Text Manipulation with the Tidyverse

Course Level: Intermediate

Having trouble handling text data in R? If so, this course is certainly for you! One of the main problems Data Scientists face when importing data into R is incosistencies within the raw data. For example, cells may have trailing whitespace or names might not be in title case. We will be covering the {stringr} package which can be used to solve these problems! We will also explore how to parse objects into strings using {glue} and how to text mine using {tidytext}.

  • Course Outline
  • Learning Outcomes
  • Materials
  • Prior Knowledge

Course Outline

  • {glue}: Parsing objects into strings using glue()
  • {stringr}: Manipulating strings
  • Regular expressions with {stringr}: Matching complicated string patterns to known strings
  • {tidytext}: A collection of methods for text mining

Learning Outcomes

By the end of the day participants will be able to…
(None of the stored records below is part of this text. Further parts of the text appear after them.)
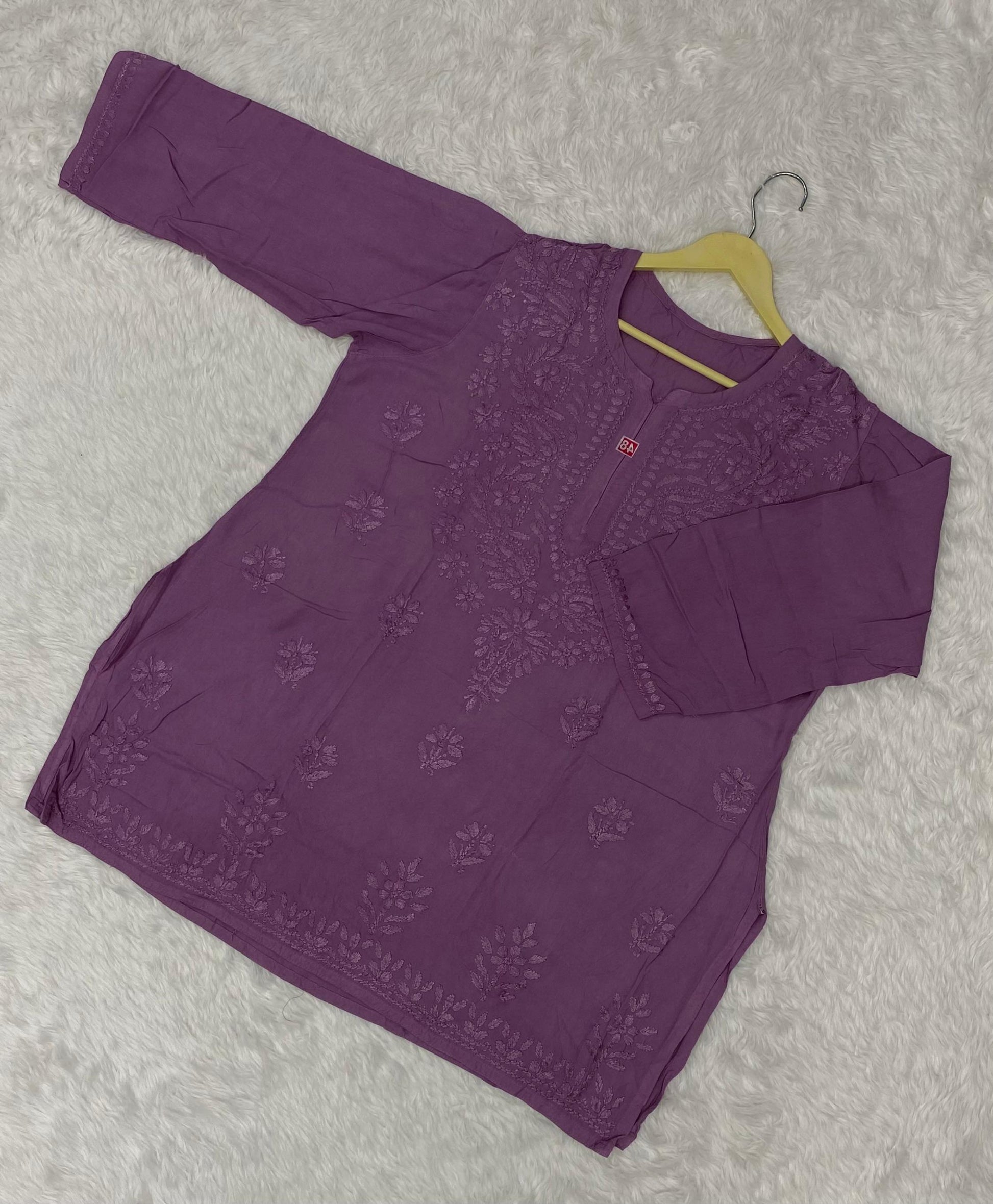 Upgrade your everyday wardrobe with our Rayon Short Top, featuring exquisite Chikan embroidery that reflects the beauty of traditional craftsmanship.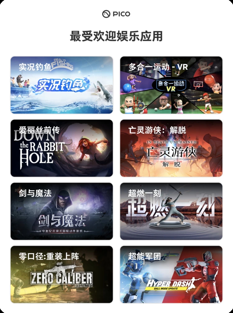 作为头部XR品牌,PICO始终致力于帮助VR开启大众化之路,而丰富且优质的内容和应用生态,是吸引大众消费者购买VR、使用VR的关键。近两年全球VR技术日渐成熟,产品快速迭代,PICO作为国内最完善的VR内容平台,亦在持续完善内容生态,积极加速与第三方的合作脚步,并在自制内容方面大力投入,致力打造国内应用最丰富、最优质的VR内容平台。迄今为止PICO应用商店已拥有超过200款国内外优质的VR应用。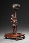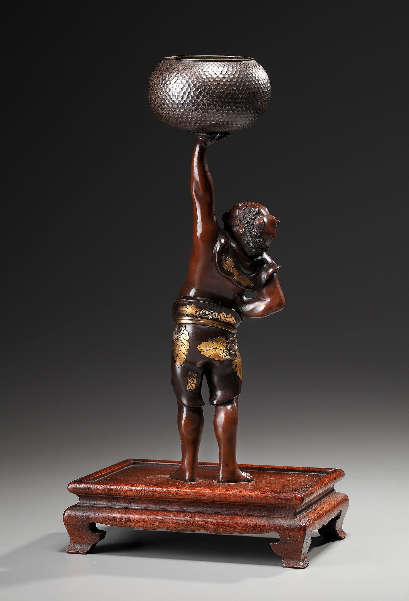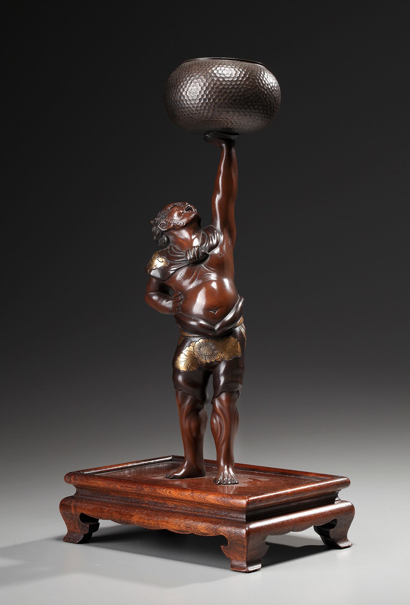 A fine bronze figure of Oni holding a large bowl above his head. Unidentified signature to the back of the upper leg.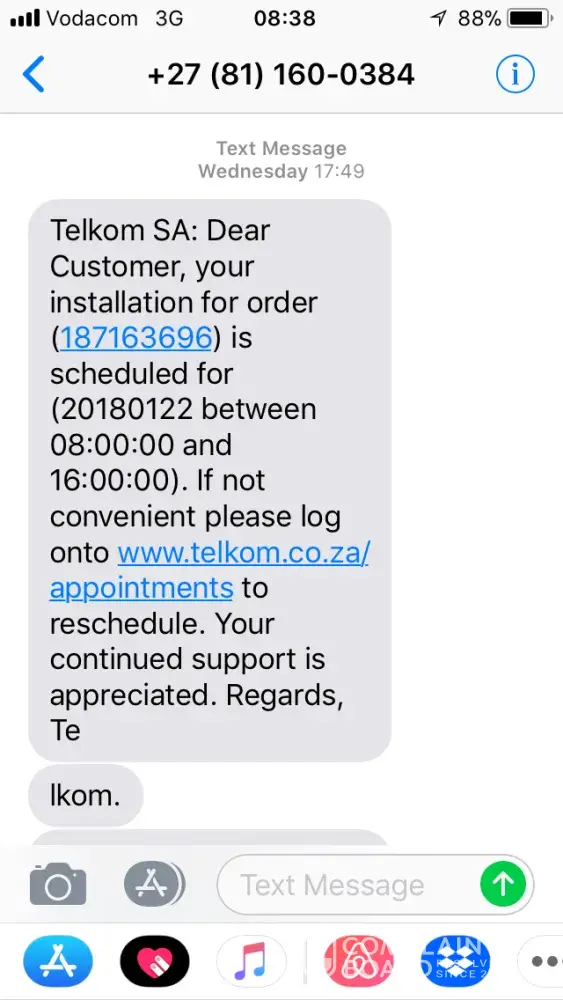 On the 06th December, I received an sms from Openserve that an all-day appointment has been scheduled for their representative on the 08th December.

  • write dynamic code which allows an object to be parsed into a string
  • understand the challenges and solutions when working with strings
  • understand the types of problems regular expressions can help with
  • perform text mining techniques to extract information from textual data


Prior Knowledge

This course assumes basic familiarity with R and the {tidyverse}. Attending our Data Wrangling in the Tidyverse course, is more than sufficient in providing you with the pre-requisite knowledge required for this course!